- [TASK REQUIREMENTS] Below are the records; extract from them the line containing "боли и страдания." to the line containing "4位の「ナノコインワレット」", both lines included, exactly and with no pictures.
**** PROVIDED INFORMATION
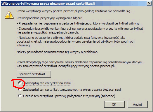 "Zaakceptuj ten certyfikat na stałe"
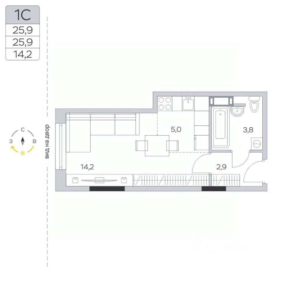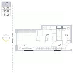 Продаётся студия в сданном доме (Корпус 15), срок сдачи: III-кв. 2024, общей площадью 25.7 кв.м., на 9 этаже.
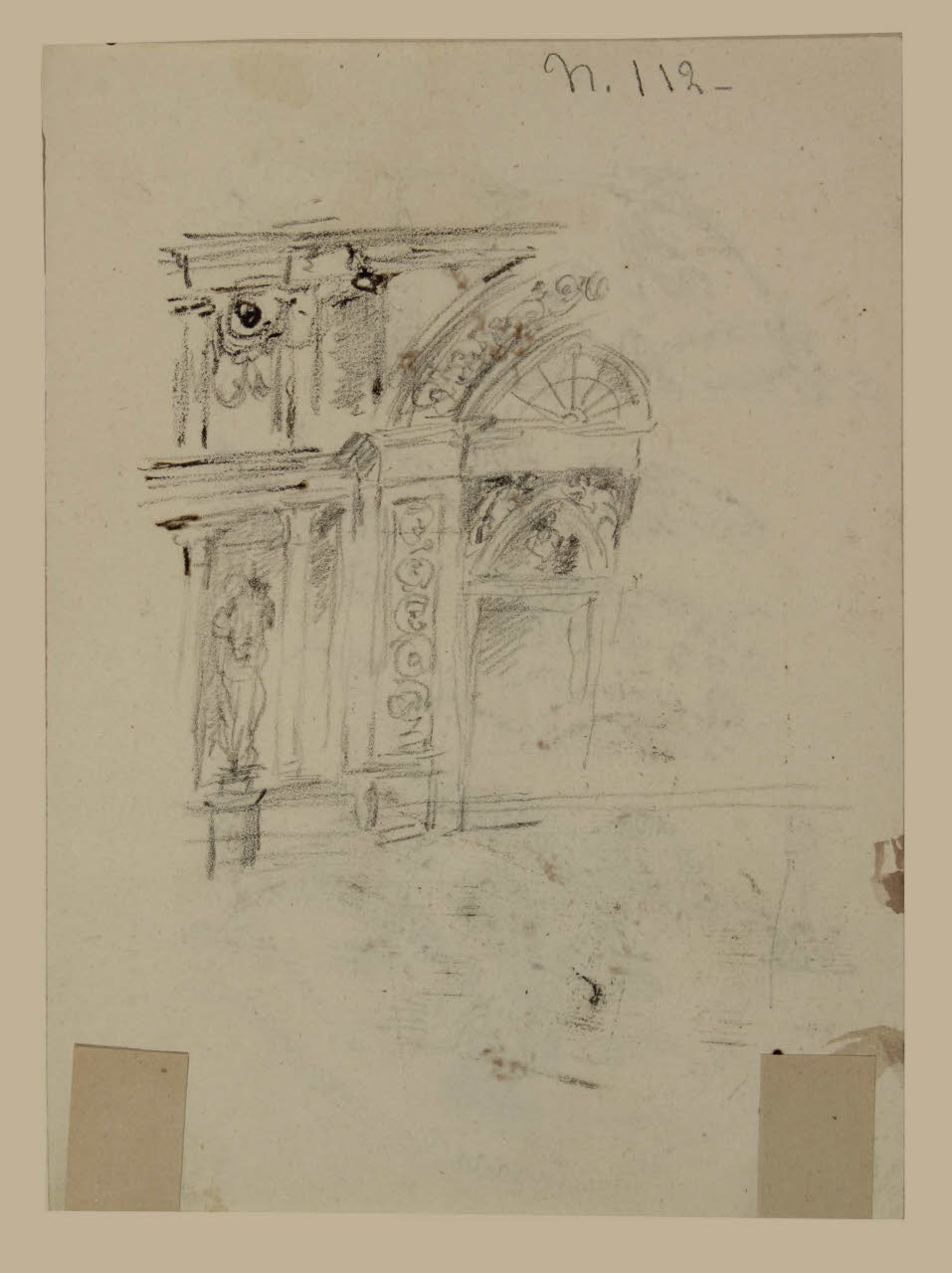 Studio di veduta architettonica con ornamenti. Studio di veduta architettonica con ornamenti
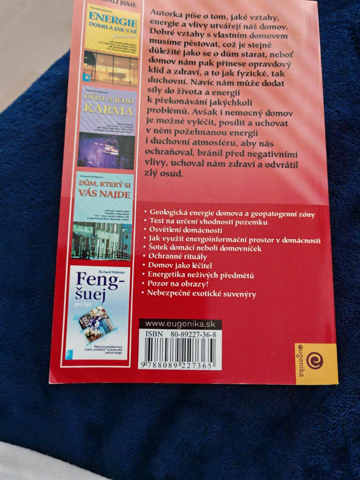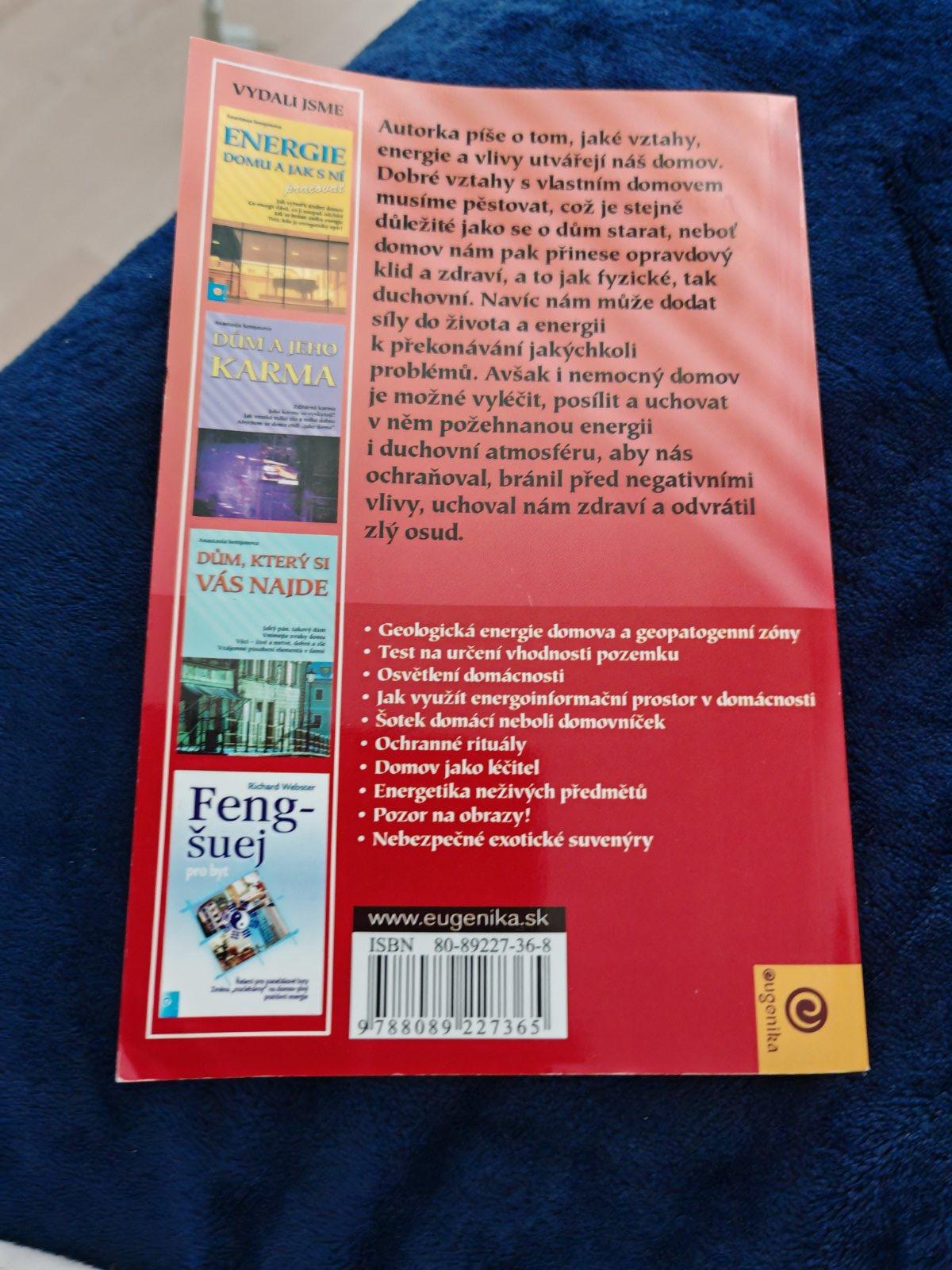 V pořadí již čtvrtá kniha ze známé edice Slovanské feng-šuej věhlasné ruské autorky Anastasii Semjonové se v rozšířené míře věnuje problematice energetiky domova a metodám, jak s ní pracovat. Domov, to je svérázný mikrosvět, uzavřená soustava, která má jak vlastní energetiku, tak vlastní osud. Domov může svým majitelům přinést štěstí a uchránit zdraví – to v případě, když vědí, jak se o něj starat, korigovat jeho negativní energetiku a vyhýbat se neblahým vlivům geopatogenních zón. V této knize je zařazena kupříkladu klasifikace domů s energetickými anomáliemi, jako jsou upírské domy, domy jako svěrací kazajky nebo narkotické domy, a také způsoby jejich ozdravení. Autorka uvádí mnoho konkrétních rad a příkladů ze života, jak poskytnout domovu „první pomoc“ v případech, když jeho energetické zdraví upadá, a radí, jak využít přednosti domova co nejlépe, přičemž se stejně jako v předchozích knížkách obrací k hluboké moudrosti starých Slovanů i Číňanů a objevuje, jak tyto dávné vědomosti mohou v dnešní uspěchané době pomoci i nám
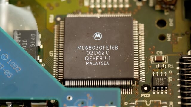 La réparation elle-même est passé par une inspection de la carte mère, et des nombreuses modifications manuelles. Il y a une carte Lana Lang avec une ROM programmable, et le nom de code est lié à la machine. La carte mère est Metropolis, un des connecteurs est Daily Planet, etc. Le processeur lui-même est particulier : c’est un 68030 à seulement 16 MHz, alors que les PowerBook Duo ont au moins la version à 25 MHz.
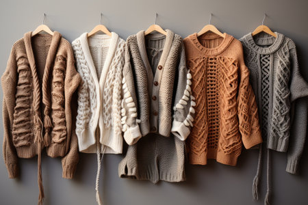 Row of different stylish fashion knitted jackets coat winter clothes for women , warm neutral tones colored
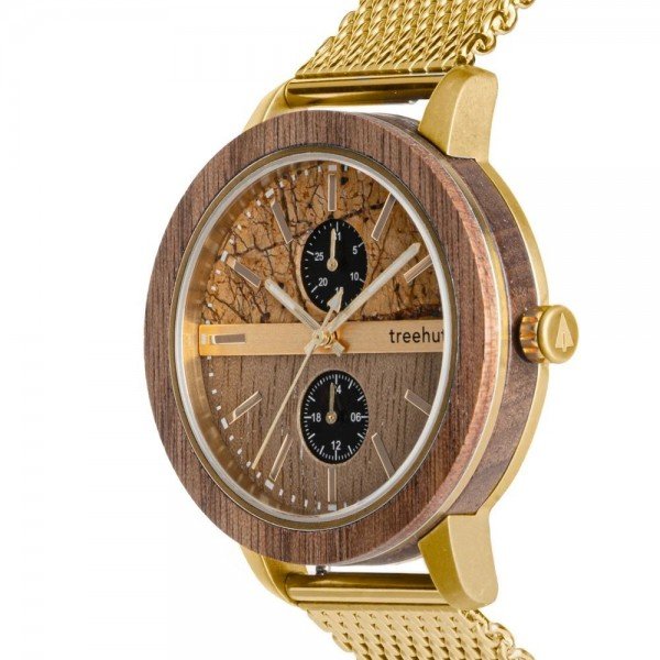 Tao Sandstone Patina Gold men's watch combines real marble and natural walnut wood to create a dual dial construction encased in a layered walnut wood and patina gold stainless steel case. Detailed with two vertically places sub-dials indicating 24-hour military time and date, a gold bar at the center, gold bar markings, and mountain index hands. Paired with a gold mesh band.
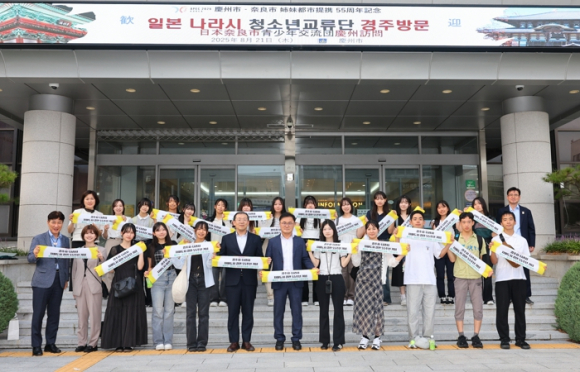 “한국 학교 급식, 정말 맛있어요!”지난 21일, 일본 나라시에서 온 청소년 20명이 경주에 도착해 2박 3일간의 특별한 여정을 시작했다. 경주시와 나라시는 올해 자매결연 55주년을 맞아 청소년 교류단을 꾸려 우정을 이어가고 있다.첫날 교류단은 김해공항에 도착하자마자 대릉원과 첨성대를 찾았다. 고대 신라 왕릉과 천문대를 직접 본 학생들은 “교과서에서 보던 유적이 눈앞에 있다”며 감탄을 쏟아냈다. 저녁에는 송호준 부시장을 예방하고 환영 만찬에 참석한 뒤, 동궁과 월지를 야간에 둘러보며 황홀한 야경을 만끽했다.둘째 날에는 화백컨벤션센터를 찾아 내년 열릴 APEC 정상회의장을 견학했다. 이어 경주여고에서 열린 환영식에서는 학생들이 일본 노래 ‘오카에리’, ‘타다 키미니 하레’를 부르고, K-팝 댄스팀의 무대가 이어지며 분위기가 최고조에 달했다. 이어진 급식 체험에서는 한국 학교 급식을 처음 맛본 나라시 학생들이 “메뉴가 다양하고 맛있다”며 엄지를 치켜세우는 장면이 이어졌다. 이후 양국 학생들은 배드민턴을 치고, 영어·과학 수업을 함께 참관하며 금세 친구가 됐다.하이라이트는 홈비지트. 경주여고 학생 16명과 나라시 학생 20명이 짝을 이뤄 36개 가정에서 하루를 함께 보냈다. 언어는 달랐지만 저녁식사를 함께하고 가족사진을 찍으며 “마음은 통한다”는 걸 확인했다. 저녁 일정으로 찾은 황리단길에서는 아이스크림을 들고 인증샷을 남기며 젊은 감각의 골목길을 즐겼다.마지막 날에는 국립경주박물관을 둘러본 뒤 귀국길에 올랐다. 짧은 일정이었지만, 양 도시 청소년들은 잊지 못할 추억을 남겼다.송호준 부시장은 “청소년들이 함께 웃고 배우며 쌓은 우정이 양 도시의 미래 55년을 이어갈 것”이라며 “이번 교류가 양국의 이해와 우정을 더욱 깊게 다지는 계기가 되길 바란다”고 말했다.
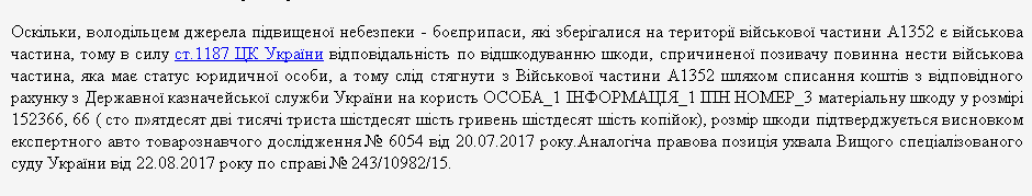 Взыскивать ущерб с Министерства обороны и СБУ суд не стал. По документам, владельцем взорвавшихся боеприпасов была именно военная часть как отдельное юридическое лицо. А по статье 1187 Гражданского кодекса Украины ответственность по возмещению ущерба от источника повышенной опасности должно то лицо, которому этот источник опасности принадлежит. Поэтому суд решил, что ответственность должна нести только военная часть, а не Министерство обороны. При этом суд сослался на аналогичную правовую позицию, которая была изложена Высшим специализированным судом Украины 22.08.2017 года в постановлении по делу № 243/10982/15:
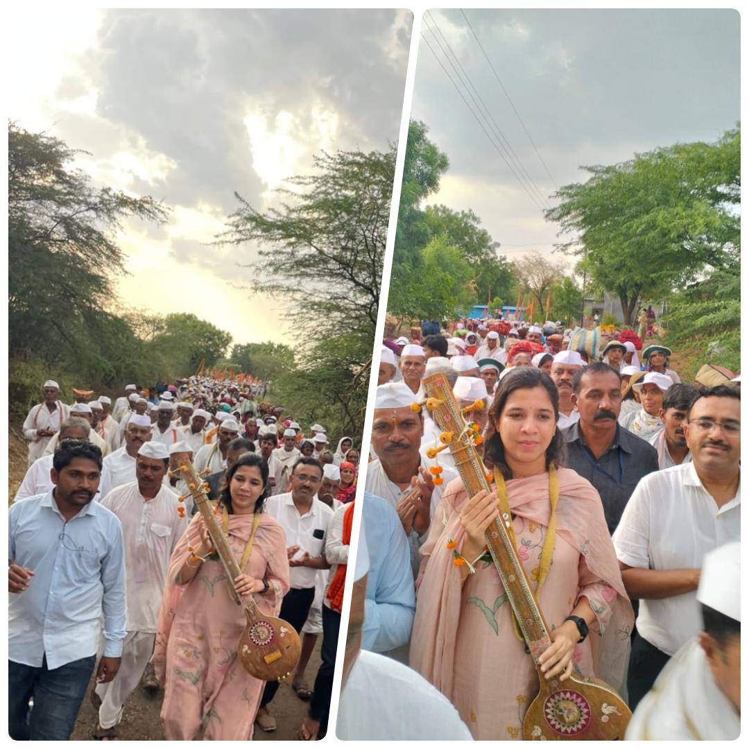 विविध वारकऱ्यांनी फुगडी खेळत डोक्यावर तुळशी वृंदावन घेत डॉक्टर जयश्रीताई थोरात यांच्या समवेत अभंग गायले हरिनामाचा गजर आणि भक्तीमय वातावरणाने सर्व परिसर दुमदुमून गेला होता
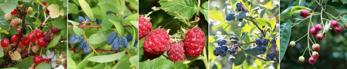 Una idea de asociación en seto frutícola: grosellero, camérisier (o Arándano de Siberia), frambuesa, arándano y amelanchier
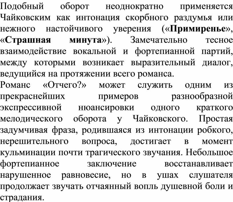 Романс «Отчего?» может служить одним из прекраснейших примеров разнообразной экспрессивной нюансировки одного краткого мелодического оборота у Чайковского. Простая задумчивая фраза, родившаяся из интонации робкого, нерешительного вопроса, достигает в момент кульминации почти трагического звучания. Небольшое фортепианное заключение восстанавливает нарушенное равновесие, но в ушах слушателя продолжает звучать отчаянный вопль душевной боли и страдания.
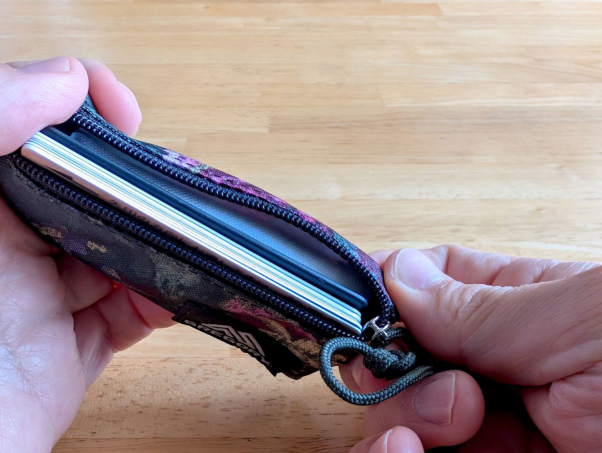 4位の「ナノコインワレット」の方はマチがあり、サイズもひと回り大きい。一方の3位「カードサイズポーチ」はとにかくシンプル。マチなしでまさにカードサイズ。パッケージに付いていたパラコードを短く切ってファスナーの引き手に流用しています。
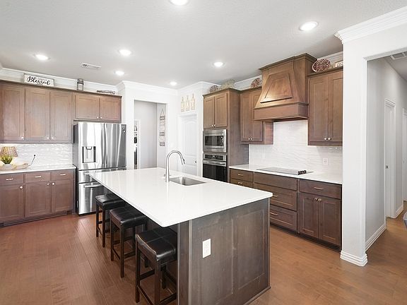 Stunning 4 bed 3 full bath home with in home office and Storage Shed on 1 acre zoned for Krum ISD!As you step into this home you are greeted wood like floor that cascades throughout your dining room,office,living room and kitchen giving a seamless look while the natural light floods in from your windows!Kitchen is adored with Knotty Alder cabinets,quarts counter tops,SS appliances with a working island providing additional bar seating while your full size breakfast area hosts a full size table that is perfect for entertaining!Livingroom is lined with large windows over looking your full acre of land while your stone fireplace is the perfect anchor of elegance.Split design has your 3 nice sized bedrooms with 2 full baths all tucked behind the kitchen,leaving your master suite nestled behind the Livingroom with oversized bedroom,walk in closet,walk in tiled shower,soaking tub and double sinks!Outside you have plenty of room to run and play or take your day in sitting on your back porch!
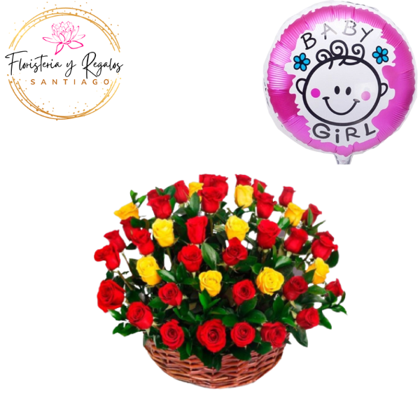 CANASTA DE 50  ROSAS DISPERSA + GLOBO
********
- [RESPONSE AREA]
 Романс «Отчего?» может служить одним из прекраснейших примеров разнообразной экспрессивной нюансировки одного краткого мелодического оборота у Чайковского. Простая задумчивая фраза, родившаяся из интонации робкого, нерешительного вопроса, достигает в момент кульминации почти трагического звучания. Небольшое фортепианное заключение восстанавливает нарушенное равновесие, но в ушах слушателя продолжает звучать отчаянный вопль душевной боли и страдания.
 4位の「ナノコインワレット」の方はマチがあり、サイズもひと回り大きい。一方の3位「カードサイズポーチ」はとにかくシンプル。マチなしでまさにカードサイズ。パッケージに付いていたパラコードを短く切ってファスナーの引き手に流用しています。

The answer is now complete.